▶ [EXERCISE DETAILS] Transcribe the entries below word for word, beginning at the line with "潜在意識に出会ってから、日本人なら誰でも知っている大企業で働いてます。" and stopping after the line with "Marca:Fwu-longModelo: FLBB-10001Motor: 12"; drop all pictures.

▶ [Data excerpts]

========================

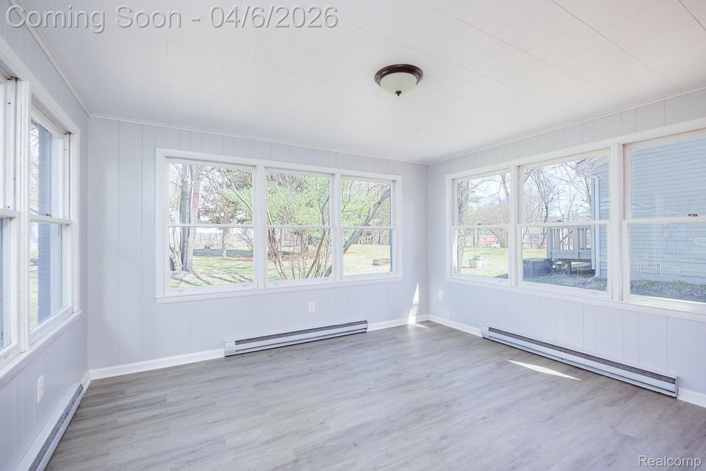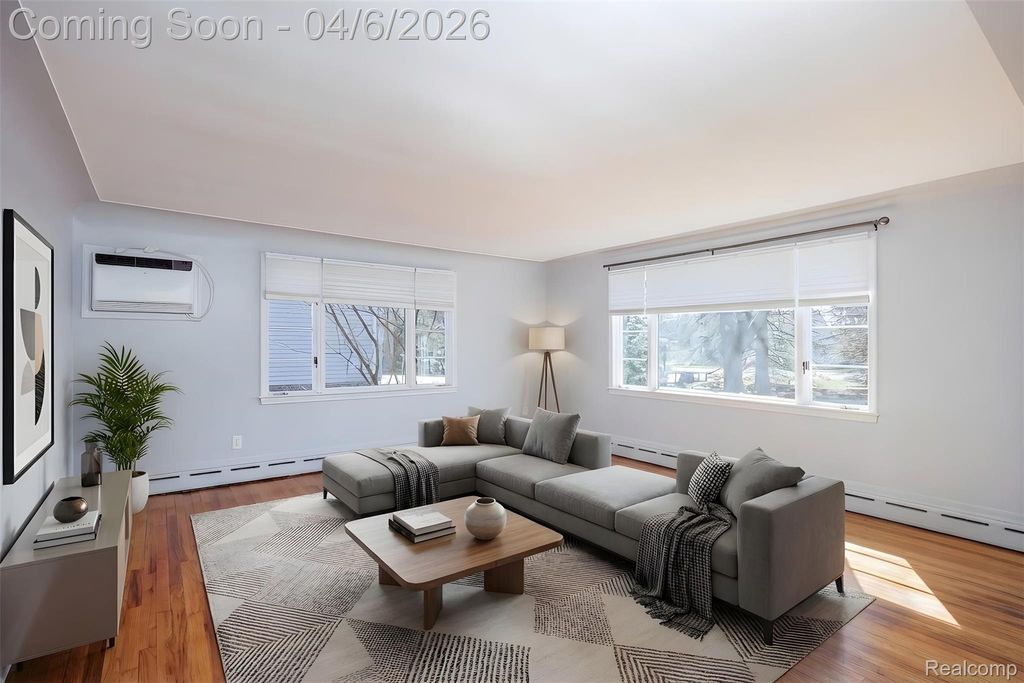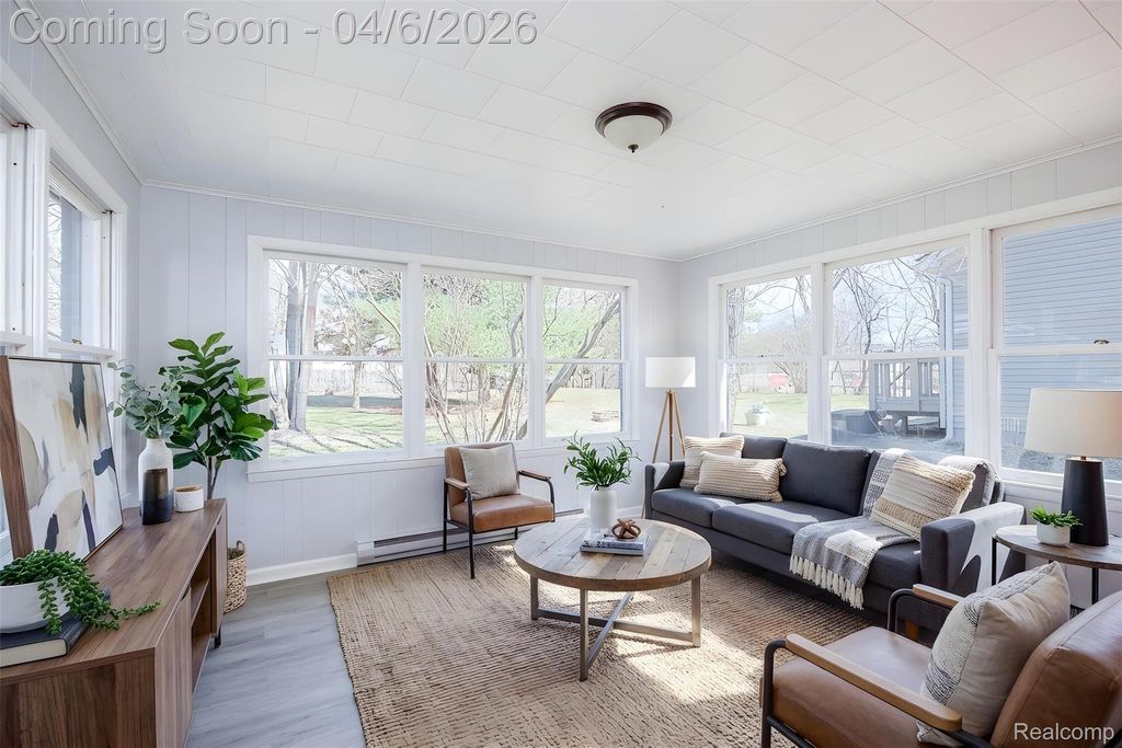 This delightful brick ranch features original coved ceilings, hardwood floors, and distinctive hardware. The open floor plan connects the dining area to the kitchen, which offers abundant cabinetry along with a newer refrigerator and microwave (both from 2021). The home includes three bedrooms and a beautifully renovated bathroom. There are two spacious living areas, a living room and a family room - that showcases a wall of windows overlooking the expansive backyard, which is lined with mature trees. Outdoors, you'll find an attached one-car garage and large 12 x 20 shed set on a concrete foundation. The property is conveniently located within walking distance of Whispering Woods and Grant Parks, as well as close to shops, expressways, grocery stores, and restaurants. Additional upgrades include an LG dual inverter smart air conditioner installed in 2024, a portable AC unit from 2022, and septic inspection / certified through Macomb County Environmental Health Department (December 2025).
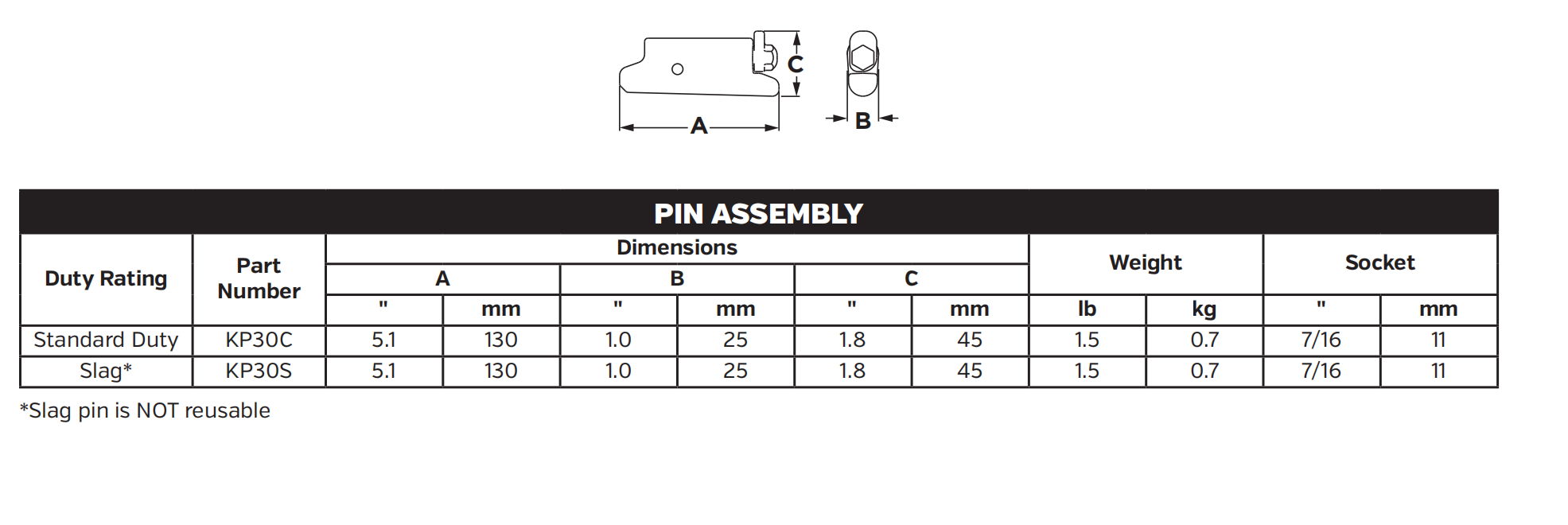 KP30C Locking Pin for 30 Series Bucket Teeth – Ultra Heavy-Duty Secure Fit
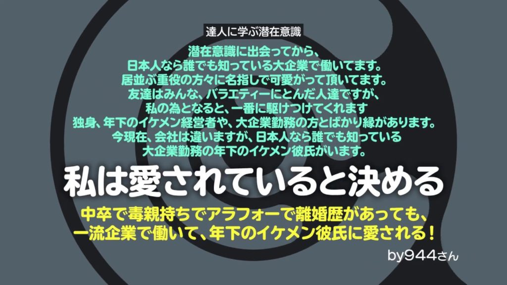 潜在意識に出会ってから、日本人なら誰でも知っている大企業で働いてます。
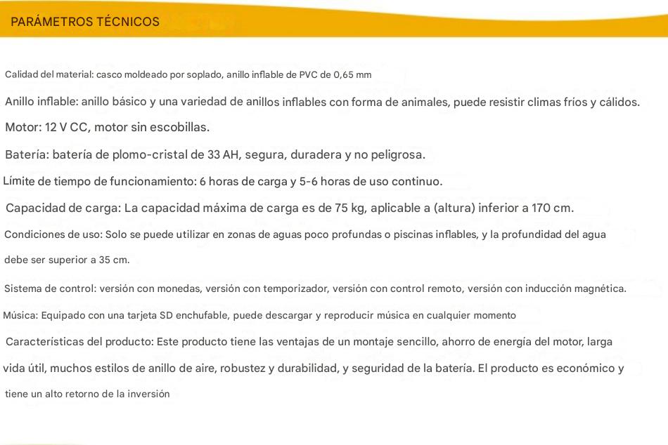 Marca:Fwu-longModelo: FLBB-10001Motor: 12 voltios, sin cepilloBatería: 12v 33AHPeso del paquete: 33 kg (incluye batería)Tamaño del paquete: 126*68*33cmCapacidad: peso máximo de carga 75 kg
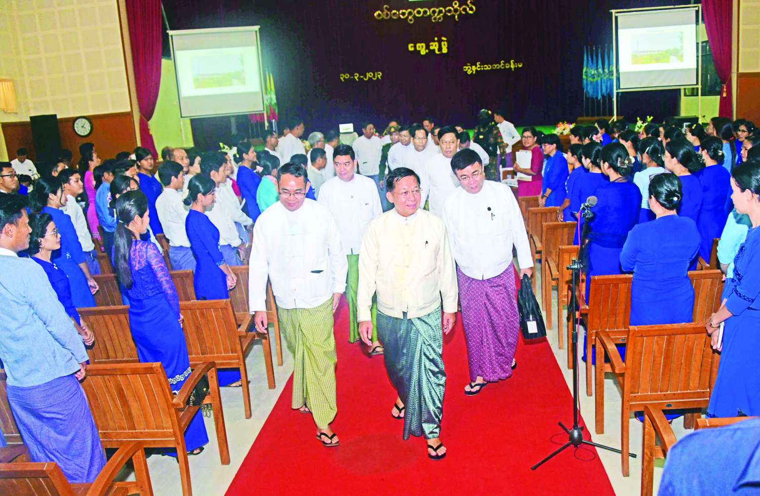 ကျောင်းသား ကျောင်းသူများအနက် ဘာသာရပ်များအလိုက် ထူးချွန်သူများအနေဖြင့် အဆင့်မြင့်သော ပညာသင်ကြားမှုများကို ဆက်လက်ဆောင်ရွက်နိုင် မည်ဖြစ်ကြောင်း၊ မိမိတို့နိုင်ငံသည် ဒီမိုကရေစီ လမ်းကြောင်းကို လျှောက်လှမ်းနေခြင်း ဖြစ်သော်လည်း ဒီမိုကရေစီ၏အခြေခံဖြစ်သည့် ဥပဒေအား လေးစားလိုက်နာခြင်းနှင့် စီးပွားရေးဖွံ့ဖြိုးတိုးတက်မှုအတွက် စီးပွားရေးအသိအမြင်ရှိခြင်းတို့၌ အားနည်း ချက်များရှိကြောင်း၊ ကျောင်းသား ကျောင်းသူများအနေဖြင့် ဥပဒေဆိုင်ရာများနှင့် စီးပွားရေးဆိုင်ရာ များကို သိရှိနိုင်ရန်လိုကြောင်း၊ ထို့ကြောင့် ဥပဒေပညာရပ်ကို နားလည်သိရှိစေရေး တက္ကသိုလ်အားလုံး တွင် ဥပဒေပညာရပ်ကို သင်ကြားပေးလျက်ရှိကြောင်း၊ အလားတူ စီးပွားရေးနှင့်ပတ်သက်သည့် အသိအမြင်များ ရှိစေရေးအတွက်လည်း စီးပွားရေးအခြေခံ ဘာသာရပ်များကို သင်ကြားပေးလျက်ရှိကြောင်း၊ မိမိတို့၏ မျှော်မှန်းချက်မှာ တက္ကသိုလ်ပညာ သင်ကြားပြီး ဘွဲ့ရရှိပြီးသူများအနေဖြင့် ၎င်းတို့၏လူမှုစီးပွားဘဝနှင့် ပတ်ဝန်းကျင်ကို ကောင်းမွန်အောင် ဆောင်ရွက်နိုင်သူများဖြစ်ရန်အတွက် မျှော်မှန်း ဆောင်ရွက်နေခြင်းဖြစ်ကြောင်း၊ ထို့ကြောင့် ဆရာ ဆရာမများအနေဖြင့်လည်း ကျောင်းသား ကျောင်းသူများ ပညာတတ်မြောက်စေရေးနှင့် ၎င်းတို့၏ဘဝ တစ်လျှောက် ကောင်းမွန်မှန်ကန်စွာ လျှောက်လှမ်းနိုင်ရေး ကြိုးပမ်းဆောင်ရွက်ပေးကြစေလိုကြောင်း။
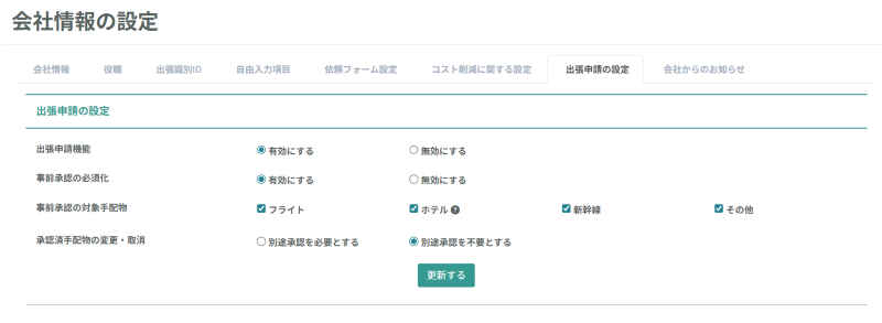 ・「出張申請機能」「事前承認の必須化」「承認済み手配物の変更・取消」の有効・無効を選択
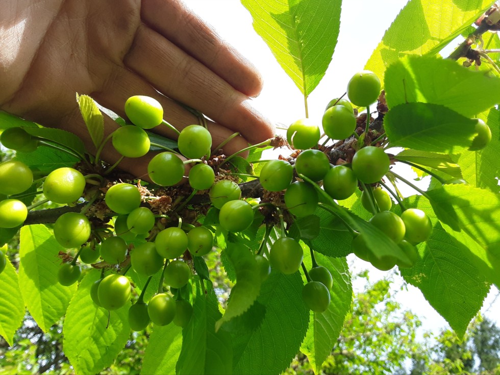 Despite the light frost we've had the best cherry growing weather I've ever experienced. The air temp near the ground level is colder than the air temp at tree level? Or... cherries are more frost resistant than pumpkins and potatoes...
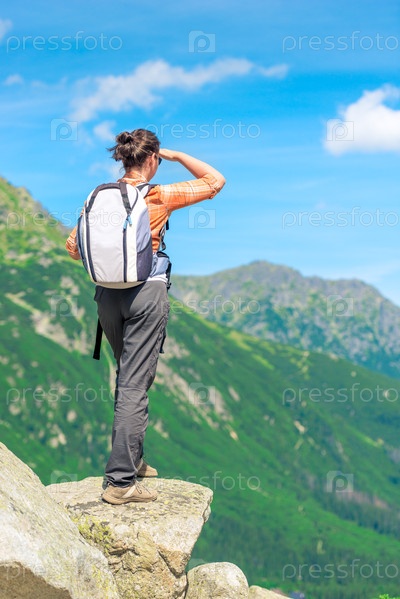 Вид со спины туриста с рюкзаком в горах на скале, глядя на расстояние до гор
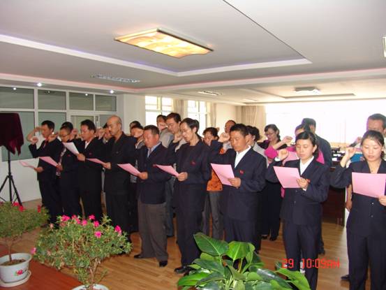 我宣誓:"我志愿加入中國共產(chǎn)黨,擁護(hù)黨的綱領(lǐng),遵守黨的章程,履行黨員義務(wù),執(zhí)行黨的決定,嚴(yán)守黨的紀(jì)律,保守黨的秘密,對(duì)黨忠誠,積極工作,為共產(chǎn)主義奮斗終身,隨時(shí)準(zhǔn)備為黨和人民犧牲一切,永不叛黨"。6月29日上午10∶00時(shí),17名新加入黨組織的中國共產(chǎn)黨預(yù)備黨員、所屬各黨組織書記、老黨員代表等30余人的莊嚴(yán)宣誓,標(biāo)志著青海物產(chǎn)系統(tǒng)慶祝建黨91周年系列活動(dòng)正式展開。
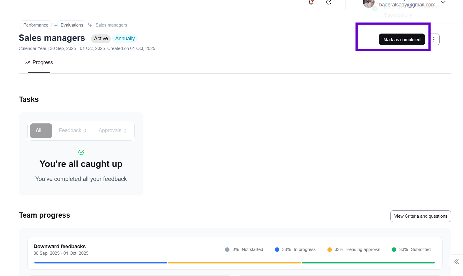 - The employee will receive an email notification informing them that their evaluation has been submitted.
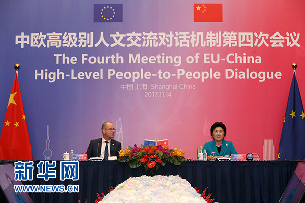 11月14日,國務(wù)院副總理劉延?xùn)|與歐盟委員會教育、文化、青年和體育委員瑙夫勞契奇作為機制雙方主席在上海共同主持中歐高級別人文交流對話機制第四次會議。新華社記者 劉穎 攝
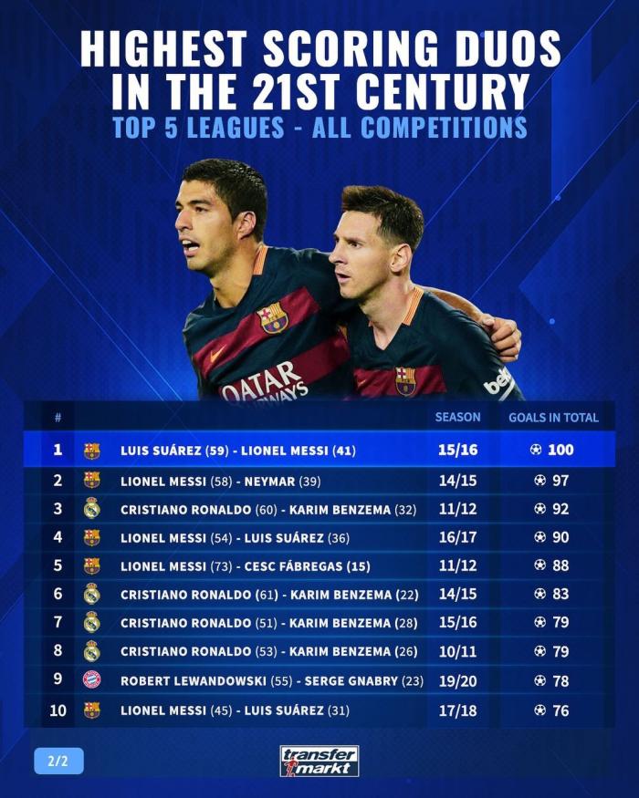 来源:24直播网04-25 20:1024直播网讯 足坛想要进球,不光需要依靠自己,还需要依靠队友。而许多球队都有一些经典的进攻组合,那么在本世纪,在欧洲足坛,哪些进攻二人组是足坛最好的进攻二人组呢?近日,德国权威媒体《转会市场网》就盘点了本世纪足坛单赛季进球最多的二人组,其中梅西五次上榜,C罗四次上榜。那么还有一次上榜的是谁呢?话不多说,一起看数据吧!
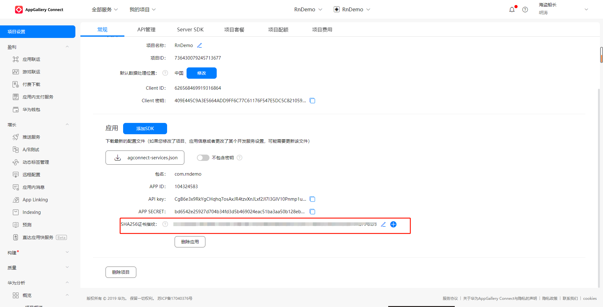 华为平台上【我的项目】-【项目配置】-【常规】中要填写[SHA256证书指纹],切记一定要点击右侧对勾保存。
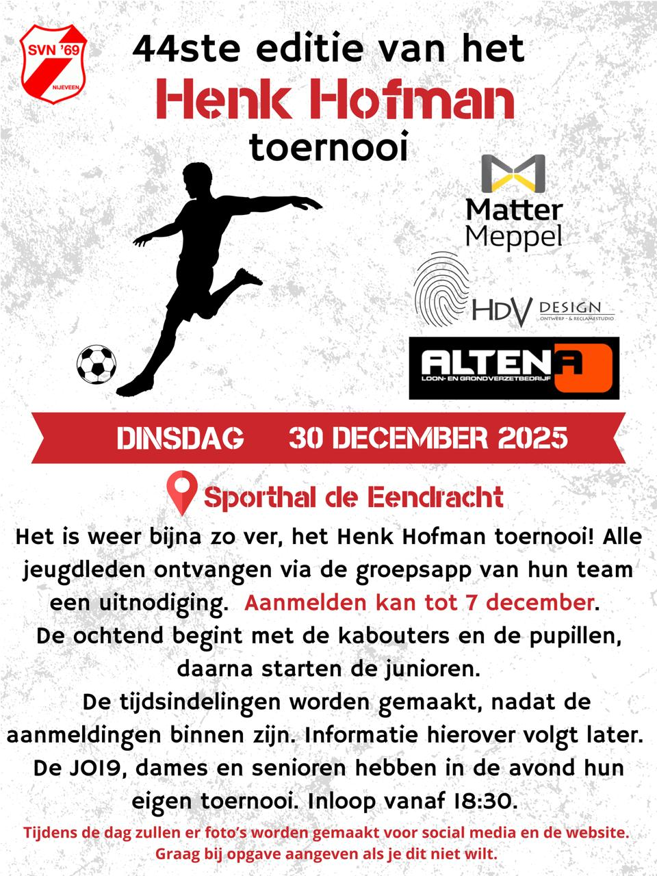 Op dinsdag 30 december staat ons jaarlijkse Henk Hofman toernooi weer op het programma. Een mooie traditie waarbij sportiviteit, plezier en teamgevoel centraal staan. Overdag zijn er wedstrijden voor alle jeugdleden tot en met JO17 (opgave tot 7 december via eigen team/leider). En ’s avonds is er een toernooi voor de senioren vanaf JO19.

========================

▶ [EXERCISE RESPONSE]
 潜在意識に出会ってから、日本人なら誰でも知っている大企業で働いてます。
 Marca:Fwu-longModelo: FLBB-10001Motor: 12 voltios, sin cepilloBatería: 12v 33AHPeso del paquete: 33 kg (incluye batería)Tamaño del paquete: 126*68*33cmCapacidad: peso máximo de carga 75 kg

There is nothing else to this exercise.